EU analysis finds main target of pro-Kremlin disinformation last year was Ukraine

Last year Ukraine was the primary target of disinformation propagandists promoting the interests of the Kremlin, although such propaganda also focused to a significant extent on Britain and the EU. The diplomatic services of the EU tasked with discovering such media manipulation have presented that finding as part of their analysis of their work last year.
Posting on 8 January to their website "EU vs Disinfo", the team described how media outlets advocating Moscow's interests flooded the information space last year in association with the poisoning of former Russian spy Sergei Skripal or with the tensions in the Sea of Azov. Members of Stratcom, the strategic communications team, researched more than 1 000 cases of misleading or untrue communications from pro-Kremlin sources in 2018.
In 461 of those cases the target was Ukraine, which has long been the main subject of Russian disinformation. Last year the Russian media incorrectly reported, for example, that the Ukrainian Army had killed 10 000 people in the east of the country, or that the American secret services had sent 14 instructors there tasked with aiding in the poisoning of water supplies.
Another hoax was about the non-existent building of a 120-km long canal to cut the rest of Ukraine off from the annexed Crimean peninsula. Other significant targets of pro-Kremlin manipulation were Britain, the EU and the USA, especially after Britain sharply criticized Russia in association with the use of the nerve toxin Novichok in the southern English town of Salisbury.

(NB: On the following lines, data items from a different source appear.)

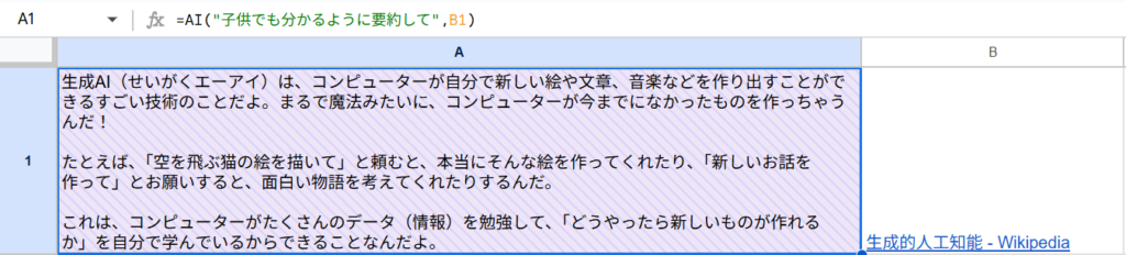 AI関数はスプレッドシート内の情報だけでなく、Webページなどの外部の情報にアクセスして分析や要約をすることができます。
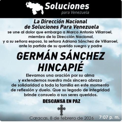 Ha fallecido cristianamente Germán Sánchez Hincapié – QEPD – 8 de febrero de 2026 by Victor Garcia ActualidadNacionalesNoticias Germán Sánchez Hincapié, fue en vida padre de Adriana Sánchez de Villarroel y padre político y suegro de Marco Antonio Villarroel, hermano de la vida de nuestro Editor Presidente Víctor Manuel García Hidalgo Previous News El Primer Preso Político de Nicolás Maduro habla de la Ley de Amnistía y otros temas de gran interés Next News MP solicitó la detención domiciliaria de Juan Pablo Guanipa Victor Garcia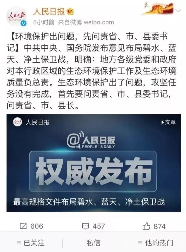 昨日,人民日報發(fā)布《這件事,習(xí)近平視為“根本大計”》、《環(huán)境保護腰桿硬起來》、《中央環(huán)保督察嚴(yán)禁“表面整改”》等數(shù)篇文章。而近日,中央紀(jì)委則首次集中通報了生態(tài)責(zé)任追究的典型問題。在第47個世界環(huán)境日,以如此猛烈的方式表達對環(huán)境的關(guān)注,無疑在釋放嚴(yán)肅查處破壞環(huán)境違紀(jì)違法行為的強烈信號,表明了中央對治理...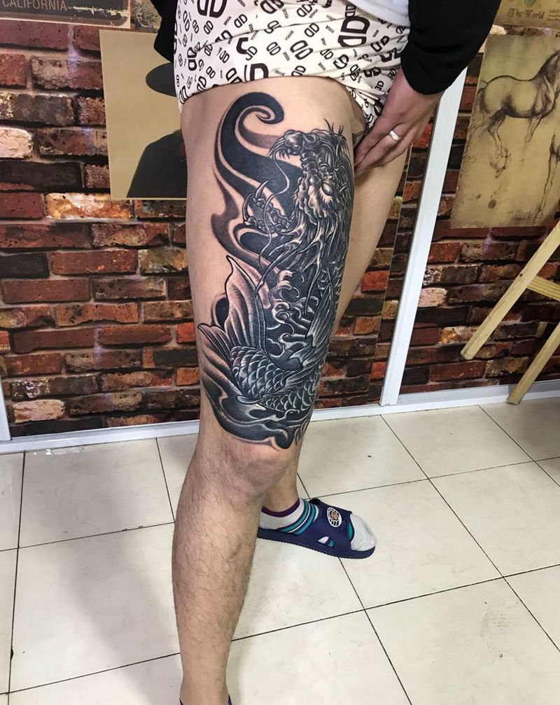 • T网红王老大花腿龙纹身图片_腿部新传统纹身图案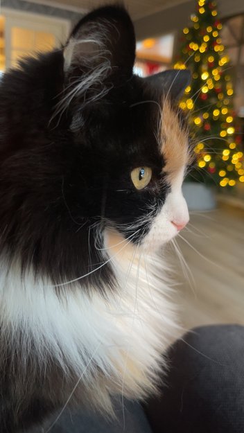 Sort, hvit og flekkevis brun tillitsfull katt på 4 år. Hvit på magen, hvite poter, hvit rundt munn, nese området og stor flekk brun pels ved øynene. Og hvit "krage" pels rundt halsen. Ellers svart med noe brunt innimellom. Hun er chippet og sterilisert.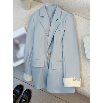 Plus Size, Women's Plus Size Elegant Golden Button Blazer - Solid Color Office Jacket with Fake Pockets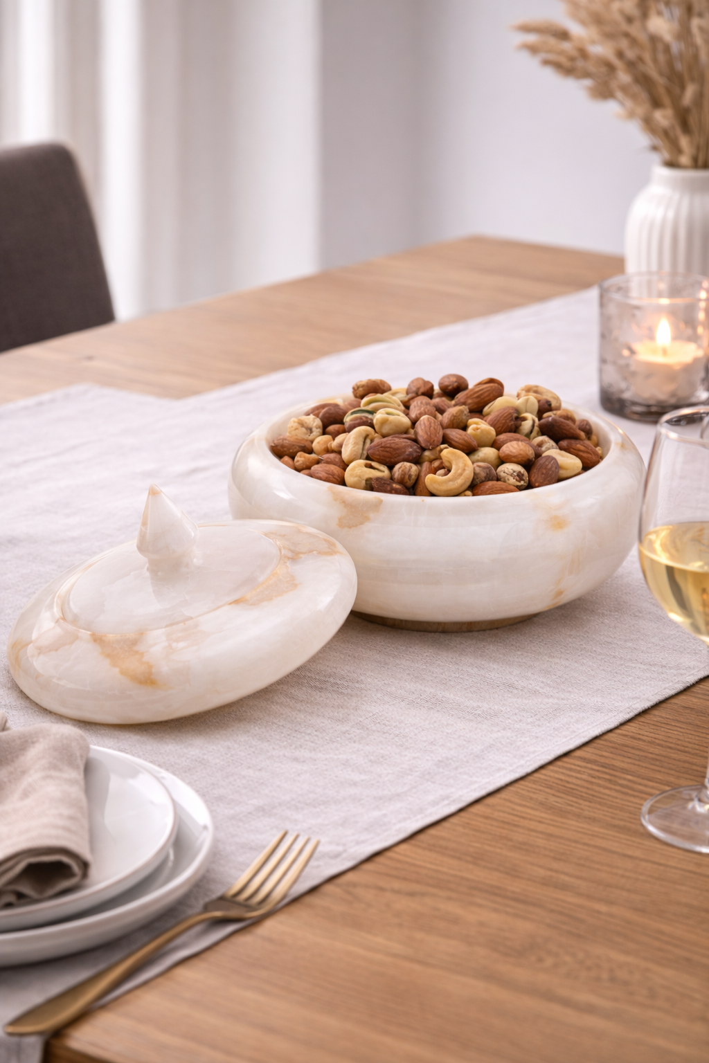 Perfect for styling on coffee tables, dining tables, or consoles, it can be used to store small essentials or styled purely as an art object. Each piece is individually carved from solid stone, making every jar one of a kind in tone, pattern, and character.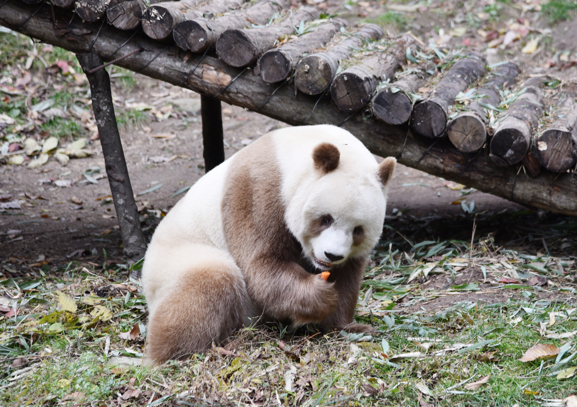 1985年3月,陝西佛坪縣岳壩鄉農民呂國友在秦嶺大古坪保護站轄區內,發現一隻棕白相間的熊貓,棕色大熊貓從此走進人們的視野。此後,棕色大熊貓的身影又多次在秦嶺地區閃現。而全球唯一的一隻圈養棕色大熊貓「七仔」,目前就生活在陝西省林業科學院秦嶺大熊貓繁育研究中心。

"In the months following the attempted murder of the former Russian spy Sergei Skripal on British soil, the pro-Kremlin disinformation machine began to run at full speed," EU vs Disnfo describes. According to Stratcom, it is exactly the case of the poisoning of Skripal and his daughter Yulia in March 2018 that demonstrates the typical approach of pro- Russian manipulators who, during the rest of the year, allegedly presented more than 40 theories about the background of the attack.
"We saw attempts to convince the public that this poisoning, during which a military-grade nerve toxin was used, was a consequence of a fentanyl overdose, or of alcoholism, or of other addictions, or that the toxin had been planted by Ukraine, or by the future mother-in-law of Yulia Skripal, or even by British Prime Minister Theresa May herself," the EU diplomatic services analysts report. "This aligns with classic disinformation approaches by pro-Kremlin propagandists: To pollute the information space with the greatest amount of contradictory allegations so the average media consumer will lose track of the facts."
"The most insidious aspect is that the abundance of contradictory narratives creates the illusion that objective truths based on facts cannot be ascertained and therefore must not even exist," reports EU vs Disinfo. The 2018 review also discussed the November incident on the Sea of Azov, near Crimea, during which Russian border guards detained three boats of the Ukrainian Navy and fired at their crews.
A disinformation campaign about the Sea of Azov, which has been the subject of longstanding disputes between Kyiv and Moscow, allegedly began more than a year prior to the incident. "The Sea of Azov case demonstrates the long game of these disinformation campaigns, which do not just aim to distract attention away from other matters or to twist facts, but also to prepare the information space well in advance for events that may transpire in the real world," EU vs Disinfo comments.
The intentional mass dissemination of disinformation was called an enormous security threat to democratic systems by the EU Member State leaders during their December summit, who say they want to combat this disinformation more intensively. According to the European Commission (EC), there is strong evidence that the main originator of fake news in Europe is in fact Russia.
The Stratcom team was created in 2015 and the EC would now like to significantly expand it. At the beginning of December the EC proposed increasing its current budget of EUR 1.9 million to EUR 5 million annually.